Monday, March 10, 2014

Suicide

There He was. I knew it. I could feel it. He sat, frozen on the couch in the crowded little apartment with a gun that He stole from his father's vault, aimed at his breaking Heart. It's my fault, ya know. I'm the one who broke His heart, but He broke mine and sent me to the mental ward, so the way I see it, fair is fair. Little did I know that it would go that far.

I have a family gift. The gift of intuition; it's a strong and powerful gift, and I could feel that something was amiss. I layed frozen in the steamy bathtub as my heart sank to my knees, and my brain started pounding in my skull. It was unbearable; it was if I were sitting in an indian ritual with someone beating the drum in a repetitive motion. I got a bolt of energy and stood up. I screamed for my father, and he burst through the bathroom door as I drapped the heavy towel around my body. I explained the situation, and was at the apartment in a flash.

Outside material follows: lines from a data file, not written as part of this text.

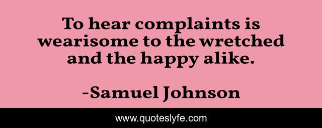 "Samuel Johnson Quotes." Quoteslyfe.com, 2025. Sun. 07 Dec. 2025. <https://www.quoteslyfe.com/quote/To-hear-complaints-is-wearisome-to-the-276075>.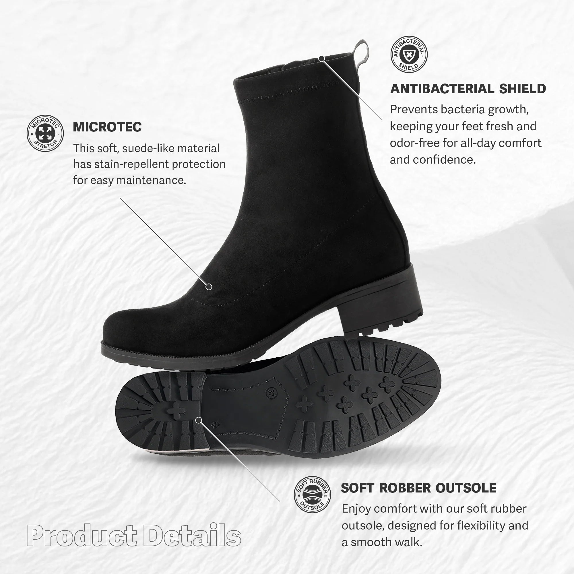 Effortless On & Off: The inner side zipper lets you slip them on with ease — no tugging or balancing act needed.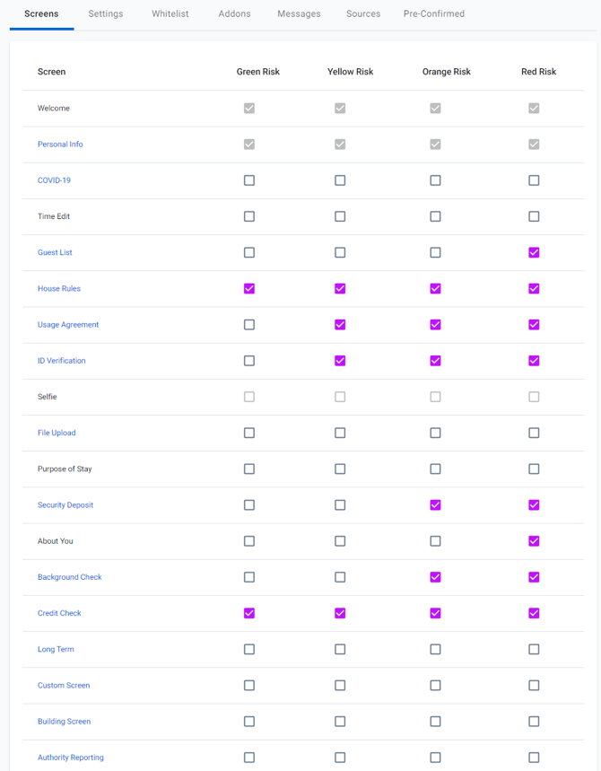 Enabling ID Verification will trigger automatic selfie capture. And by clicking each one of the highlighted screens (Personal info, COVID-19, Guest List, etc.), you will be able to customize each one of them.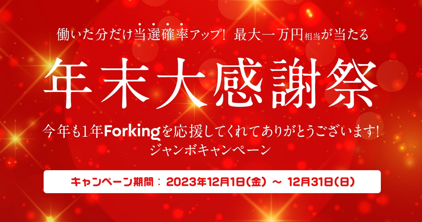 \最大10,000円相当が当たる!年末大感謝祭/ 「今年も1年Forkingを応援してくれてありがとうございます!ジャンボ」キャンペーンのお知らせ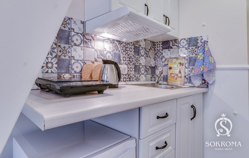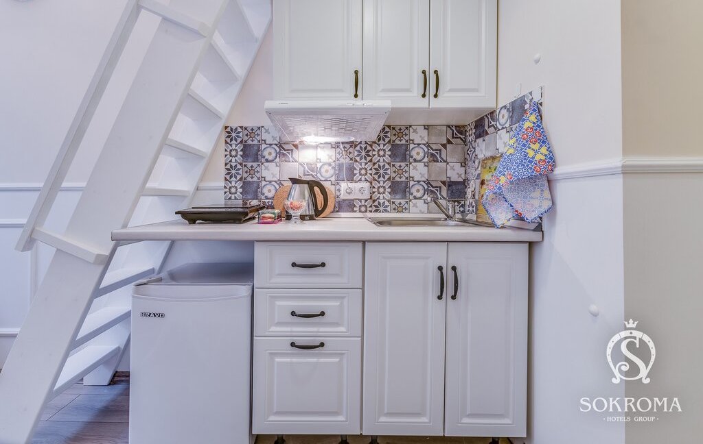 В студии чайник, индукционная плита ,холодильник. На общей территории расположена гладильная доска, стиральная машина, микроволновая печь, кулер - доступные для пользования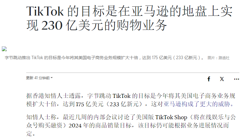 近日,有消息称:伴随着 2024 年的到来,美国版 TikTok 要将其电子商务业务规模扩大十倍,达到 175 亿美元。这似乎进一步彰显了 TikTok 对掘金美国电商市场的野心。对于新的商品销量目标,不少业内人士认为这也是 TikTok 开始积极寻求扩大在美业务的显性信号。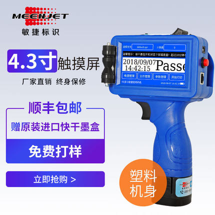 敏捷标识M6手持喷码机打生产日期全自动打码机手触屏可虚实可编辑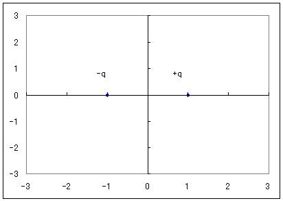色荷については3種類ワンセットなので慣例にならって赤青緑と書いた。 白は色荷を持っていないことに相当する。 質量に関しては今後の議論のために有無だけを書かせていただいた。 データ不足、勉強不足で自信のないところには?をつけた。 ここで、質量0の素粒子を赤くマーキングしたのには理由がある。 質量0の素粒子は相対論からの要請で常に光速で飛ぶことに注意してほしい。 この3種類の質量0の素粒子、そろって電荷がない。 もしこれに電荷があったらどうか? そのその例えとして衝撃波がふさわしいだろう。 衝撃波は、超音速旅客機が音速を超える際に発生する。 旅客機の出す音の速度が旅客機の速度に我慢できなくなって衝撃波を出すと考えてもらえばいい。 それと似たようなことが光にもいえる。 もっとも、光の場合は相対論が厳重に光速を壁にしているので、真空中では光速は相変わらず鉄壁だ。 質量が有限の粒子は超えられない。 しかし、真空中や空気中でない何か媒質の中、つまり屈折率が1でないものの中を通る光は遅くなる。 その光の速度を、有限質量の粒子が超えることを相対論は禁止していない。 このときに発生する衝撃波の光バージョンのことをチェレンコフ光と呼ぶ。 質量0の粒子が電荷を持っていたらチェレンコフ光を常に出していなければならなくなる。 光を出すのでその分エネルギーが減少する。 質量0の粒子のエネルギーは量子としての振動数によってのみ決まるので、 チェレンコフ光を出し続けるとどんどんエネルギーを失い、振動数は限りなく0に近づき 波長は際限なく長くなってしまうだろう。 それがおきないような「質量と荷に関するルール」があるべきなのではないか? 同様に、おそらく弱い相互作用の「弱荷」、強い相互作用の「色荷」についても 光速で走る質量0の粒子がそれらを持っていたら何かおかしなことにはならないだろうか? フォトンとグラビトンはその点無難である。 ウィークボソンは質量を持っているので調査の対象外である。 しかしグルーオンは僕の理解力では未知数である。 弱荷についてはおそらく持っていないだろうとしかいえないが、 色荷については少し調べてみた。 そもそもなぜグルーオンが8種類なのかというところからアプローチしてみた。 色荷の概念は少しややこしい。 電荷のように+と-の2種類でできているのではなく、3種類でできているから理解が難しいのだろう。 ちょうど光の3原色という3つ1セットの現象があってよかった。 だからこそ光の3原色を例えにイメージをわかせることができる。 上の図を見てほしい。 電荷だとこの横軸の+と-しかないので数直線で理解できる。 これはたまたま+と-が180度ずれているから偶然理解がしやすかった。 しかし、色の場合は上図のように120度ずつずれている。 そうすると赤は青の斜め左上といったような、直線状ではなく平面上の1点に位置してしまう。 緑は青の斜め左下になる。 もちろんこれは僕が勝手に約束したものなので、青・赤・緑の位置関係は120度ずれてさえいれば どうとってもいい。 そして、その色には「反色」というものがあり、色平面上で反対のところに居座っている。 青の反色は反青なので原点を対称とした青の真左に位置する。 赤の反色は反赤なので、赤と原点対称になって青のすぐ左下になる。 反緑も同様。 ここで、グルーオンというのは、クォークを結びつける粒子のことを言う。 4つの相互作用にそれぞれ4種類の素粒子が対応しているのは その素粒子のやり取りによって運動量を交換することによって、引力や反発力、あるいは素粒子同士の反応を及ぼすためだ。 グルーオンはクォークとクォークの間を行き来することで、クォーク同士を結び付けている。 しかしここで、クォークはグルーオンを介して色を交換しながら結び付けられているために グルーオンは色を持っているとされる。 ということは、クォークからある色を奪い去ってから、ほかの色を与えなければならない。 色を奪い去るということは、その反色を持っていることに相当するから 結局グルーオンは2色混合ということになる。 まず、青をほかの色にするグルーオンについて考えてみることにしよう。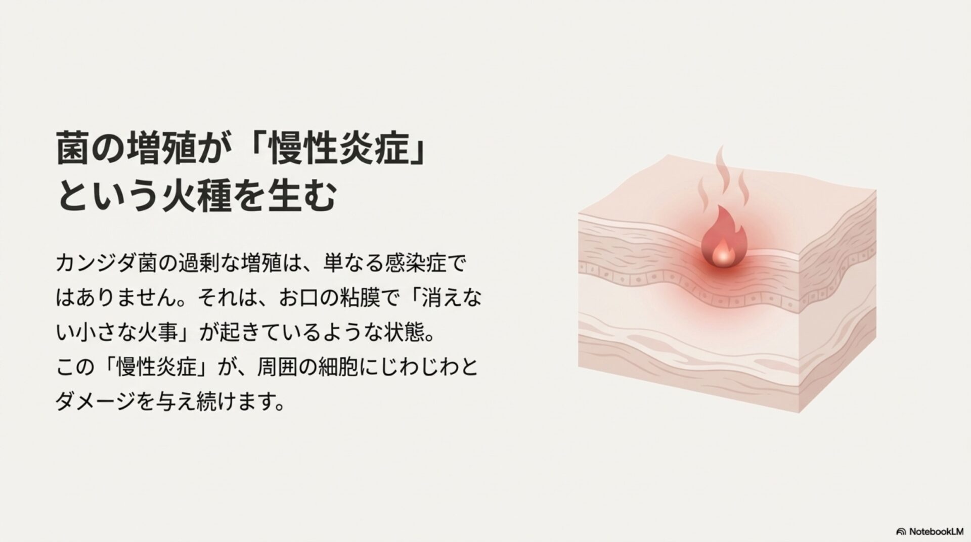 カンジダ菌ががんと関連する最大の理由は、「慢性炎症」を引き起こすことにあります。これは、短期間で治る痛みや腫れとは異なり、長期間にわたって持続する、低レベルの刺激が口の中で続く状態を指します。この状態が、がん細胞が育ちやすい危険な環境を作り出してしまいます。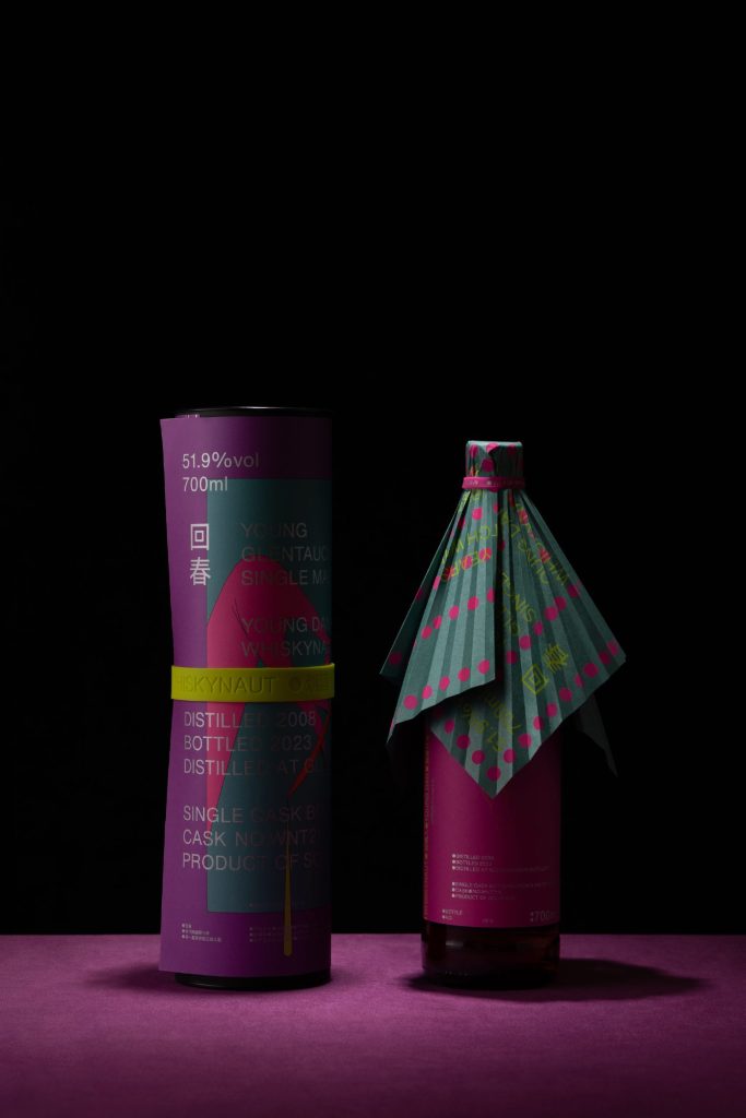 China’s 7654321 Design adds a modern edge to that classic look with their irresistible work for WHISKYNAUT’s special bottle for the indie rock band Young Dan. “Dan” translates to “elixir” in Chinese, and the Nagel-esque label art depicts a slender, pink hand with long fingernails releasing a stream of elixir in what feels like a fun nod to Death Becomes Her. The bottle’s wrapped in gorgeous paper covered in neon pink dots and sealed with a little plastic band, turning the whole unboxing process into a visual feast.
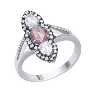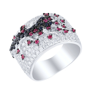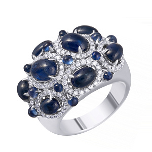 Кольцо из белого золота с сапфирами, танзанитами

I ran up three flights of stairs, and pounded and kicked at the sturdy wooden door. No answer. I began to panic and started screaming His name. Finally he opened the door, and I threw the gun from his hand, and He was safe for another day.

That was the night that we reminded each other how much we loved one another, and we stayed up all night, just looking out of the window at the bright stars above, wishing that we could fly free, and live together in eternity.